A juror who overslept by eight hours costing the tax-payer £12,000 has found himself in the dock in front of an angry judge.
Robert Mace, 36, was fined after he delayed the start of a baby shaking trial by one day after he told a top judge that he had overslept – but couldn’t explain why.
The trial was set to start at Hull Crown Court, East Yorks., of a man accused of shaking a baby when he caused the court to be put on hold off beginning the case.
But after the trial concluded – restaurant worker Mace found himself in the dock after admitting contempt of court.
Judge Jeremy Richardson, QC, told the defendant: “Sleeping in, the like of which I have never, in 37 years experience as a lawyer, heard before.”
Nigel Newton, 23, faced a charge of shaking a baby causing the child horrific injuries and was later found guilty.
However, on the day the trial was about to start on June 21, the court couldn’t begin proceedings due to the absence of Mace.
A court bailiff was then dispatched to his home in Hull, East Yorks., who failed to wake him at his door.
When Mace finally spoke to an official he “asked for a car to be sent to pick him up”.
Mace said he had gone to bed at about 11pm, set his alarm for 6am as he always did, but slept until 2pm – over 15 hours.
The judge asked the defendant when he eventually arrived at court: “Can you offer any explanation for this bizarre state of affairs?”
Mace, who also apologised, said: “Unfortunately, I can’t.”
The jury Mace was serving on was discharged, and its replacement suffered the same fate because another juror was excused for a legitimate reason.
Newton was eventually convicted by a third jury of causing grievous bodily harm with intent on Tuesday (July 4).
Mace has now been fined £100 after admitting contempt in the face of a court, an offence under the Juries Act 1974.
As well as causing huge financial expense with the running of a single Crown court in Hull said to cost more than £6,000 a day.
They included a number of doctors due to give expert evidence who had to reschedule their diaries – one of whom had a surgical list.
Explaining the impact of his oversleeping, Judge Richardson told Mace: “First, other jurors on that case were inconvenienced substantially.
“The defendant, who was facing a serious charge, and no doubt faced the anxiety that one would expect a defendant faces in such circumstances, had those anxieties exacerbated by the delay.
“Of greater importance in one sense was the fact the witnesses in the case, some of whom were professional doctors of considerable eminence, had to have their timetable for giving evidence fundamentally revised.
“Each one of the doctors was a busy practitioner.

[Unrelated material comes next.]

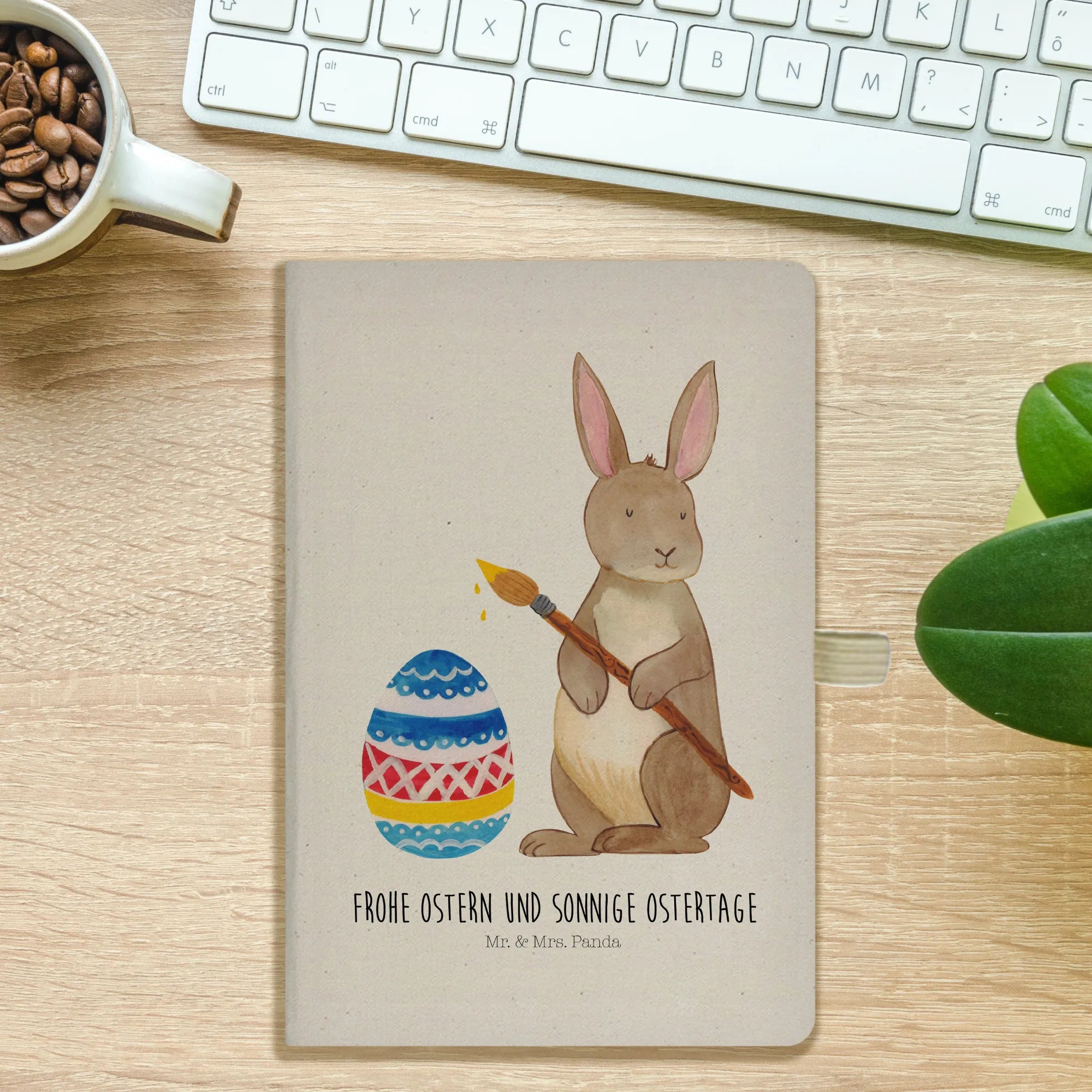 Cotton notebook Hare painting eggs - DIN A5 Cotton Notebook - with saying

Each one of the doctors had his own clinical obligations. One had a surgical list.
“All of that had to be re-arranged; it caused massive inconvenience, not only to the civilian witnesses, but to the professional witnesses in this case.”
Mace, a waiter and barman in a hotel restaurant, said he was on a “zero hours” contract and usually earned more than £600 a month.
He was ordered to pay the fine at £30 a month.
The judge told him: “I’m not preventing you from doing jury service in the future.
“I just hope this has brought home to you the seriousness and the consequences that follow from your really quite deplorable behaviour.”